Кедрик приходил в такой восторг, что у него разгорались глаза, краснели щеки, и кудри его от волнения сбивались в какую-то золотистую кучу. Вернувшись домой, он не знал, как ему поскорее окончить обед, чтобы успеть рассказать матери слышанное им от своего старого друга. Вероятно, м-р Хоббс и посеял в нем первый интерес к политике. Этот патриот-лавочник был большой любитель читать газеты; благодаря этому обстоятельству, Кедрик слышал от него многое о происходившем в Вашингтоне[3]; и м-р Хоббс обыкновенно сообщал ему, что президент делал хорошего или дурного. Однажды, во время выборов, интерес наших политиков к государственным делам своего отечества дошел до высших пределов, и, чего доброго, не будь м-ра Хоббса и Кедрика, кто знает, какая участь постигла бы республику. М-р Хоббс взял его с собою и показал ему факельное шествие. Великое множество людей, несших факелы, оставило в нем воспоминание о каком-то крупном мужчине, который стоял у фонарного столба и держал на плечах хорошенького маленького мальчика, кричавшего ура и махавшего своей шляпой.

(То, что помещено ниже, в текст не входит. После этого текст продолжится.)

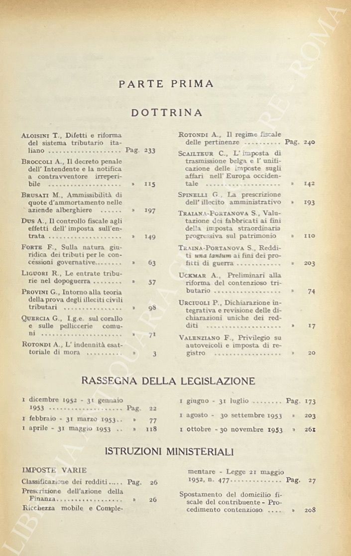 Diritto e Pratica Tributaria. Diretta da Victor Uckmar. Vol. XXIV - 1953

Вскоре после этих выборов, когда Кедрику пошел восьмой год, случилось событие, произведшее резкую перемену в его жизни. Замечательно было то, что в день этого события он толковал с м-ром Хоббсом об Англии и королеве, и м-р Хоббс сказал несколько весьма жестоких слов насчет английской аристократии, особенно негодуя на тамошних графов и маркизов. Горячее это было утро; Кедрик, поиграв с несколькими друзьями в солдаты, отправился в лавку отдохнуть и застал м-ра Хоббса, сидевшего с весьма раздражённым, даже свирепым, видом над лондонской иллюстрированной газетой, картинка которой изображала какую-то придворную церемонию.
— А, — сказал он, — вот как они поживают.

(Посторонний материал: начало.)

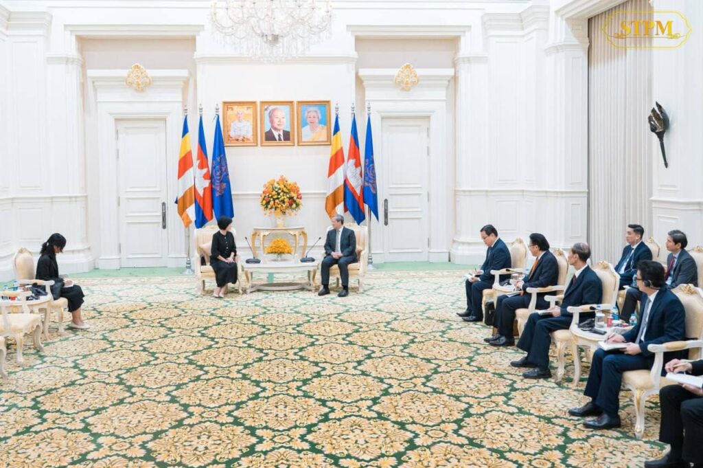 ពាក់ព័ន្ធនឹងបញ្ហាព្រំដែនកម្ពុជា-ថៃ, សម្ដេចធិបតីក៏បានជម្រាបជូនលោកជំទាវអំពីការវិវត្តថ្មីៗនៃស្ថានការណ៍ជម្លោះព្រំដែន កម្ពុជា-ថៃ និងបានសង្កត់ធ្ងន់អំពីការប្ដេជ្ញាចិត្ត ក៏ដូចជាជំហររបស់កម្ពុជានៅក្នុងការបន្តប្រកាន់យកការដោះស្រាយបញ្ហាព្រំដែនដោយសន្តិវិធី ផ្អែកលើច្បាប់អន្តរជាតិ អនុសញ្ញា សន្ធិសញ្ញា និងកិច្ចព្រមព្រៀងទ្វេភាគីដែលមានស្រាប់រវាងប្រទេសទាំងពីរ៕ អត្ថបទដោយ៖ cambodia-nation-media

Кедрик взобрался по обыкновению на высокий стул, сдвинул на затылок свою шляпу и засунул руки в карманы, как бы готовясь сочувственно внимать словоизвержениям м-ра Хоббса.
— Вы много маркизов знавали, мистер Хоббс? — осведомился Кедрик, — или графов?
— Нет, — ответил м-р Хоббс с негодованием;— вряд ли.
И, довольный своим выражением, он гордо осмотрелся кругом и потер себе лоб.
— Может быть, они не были бы графами, если бы знали что-нибудь лучшее, — сказал Кедрик, чувствуя некоторое сострадание к их несчастному положению.
— Ну, навряд ли! — сказал м-р Хоббс. — Они, напротив, гордятся этим!
Как раз в средине их разговора явилась служанка, Мэри. Кедрик подумал, что, может быть, она пришла купить сахару, но он ошибся. Мэри была бледна и как будто чем-то взволнована.
— Пойдемте домой, голубчик, — сказала она, — барыня вас спрашивает.
Кедрик спрыгнул со стула.
— Она хочет со мной куда-нибудь идти, Мэри? — спросил он. — До свидания, мистер Хоббс. Мы еще увидимся.
Он не понимал, почему Мэри смотрела на него таким удивленным взглядом и как-то странно покачивала головою.
— Что с тобой, Мэри? — спросил он. — Или это от жаркой погоды?
— Нет, — отвечала Мэри;— но у нас случилось что-то странное.
— У Милочки от солнца голова разболелась? — осведомился он с беспокойством.
Но дело было не в том. Когда они подошли к дому, перед ним стояла карета, и кто-то разговаривал с мамой в гостиной. Мэри поспешно повела его наверх, где одела его в лучший летний костюм, из фланели сливочного цвета с красным шарфом, и причесала его кудрявые локоны.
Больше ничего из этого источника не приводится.